半分まぶたのおちた寝ぼけた顔と、間の抜けた声を上げ、シンはのろりと半身を起こす。
どうやら、まだこの状況が理解できていないらしい。
時には優しく時には悪戯気に、そして、時にはぞくりとするような危険をはらむ濃い紫の瞳も今はどこかぼんやりとしている。

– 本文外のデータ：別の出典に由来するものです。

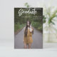 Announce your graduation with this simple script photo graduation announcement. This announcement features a script font and photo on the front. Customise text on the back with your own message.

ほつれた長い髪が首筋、胸へと落ち、なんとも色っぽい姿だ。
これが裏街で恐れられている男だと、誰が思うだろうか。
早く服を着て、とサラに促され、シンはまだ眠そうな顔で脱いであった自分の服に手を伸ばす。その瞬間、腰のあたりに掛けてあった布団がはらりと床へ落ちた。
再びサラは悲鳴を上げた。
「ばかばかっ! 信じられない!」
手で顔を覆い、慌ててサラはシンに背を向ける。
一方、サラの大声ですっかり目覚めたシンは、不機嫌そうに頭をかいていた。
「まったく、朝から……」
「昼よ!」
そこで、シンはうっと声をつまらせた。
そろりと窓の外に視線をあてると、確かに太陽の位置が高い。
「と、とにかく、早く服を着て!」
シンに背中を向けたまま、サラは怒ったように声を上げ、いやいやと首を左右に振る。
そんなサラに、シンはふふんと目で笑い、何を思ったのか……。
「恥ずかしがって可愛い」
困った様子でうつむくサラの背後から、素肌のまま、ぎゅっと抱きついた。
「いやーっ!」
次の瞬間サラの容赦ないひじ鉄がシンのみぞおちを襲う。
「うぐ……っ」
シンは呻いて腹を押さえ、床にうずくまる。
起き抜けの空きっ腹に、今の一撃はかなり効いた。
「お昼過ぎには迎えの馬車が来てしまうわ。あなたを屋敷に連れて行くには、迎えが来る前に戻らなければいけないの。だから、早く支度をしてちょうだい!」
憤慨もあらわに大声を上げ、走り去るように部屋から出ていってしまった。
扉が凄まじい音をたてて乱暴に閉まる。
どうやら、その夜会とやらにシンを本気で連れていこうとしているらしい。
シンは長いため息を吐きだした。
いっそうのこと、本当に逃げ出してしまおうかな……と。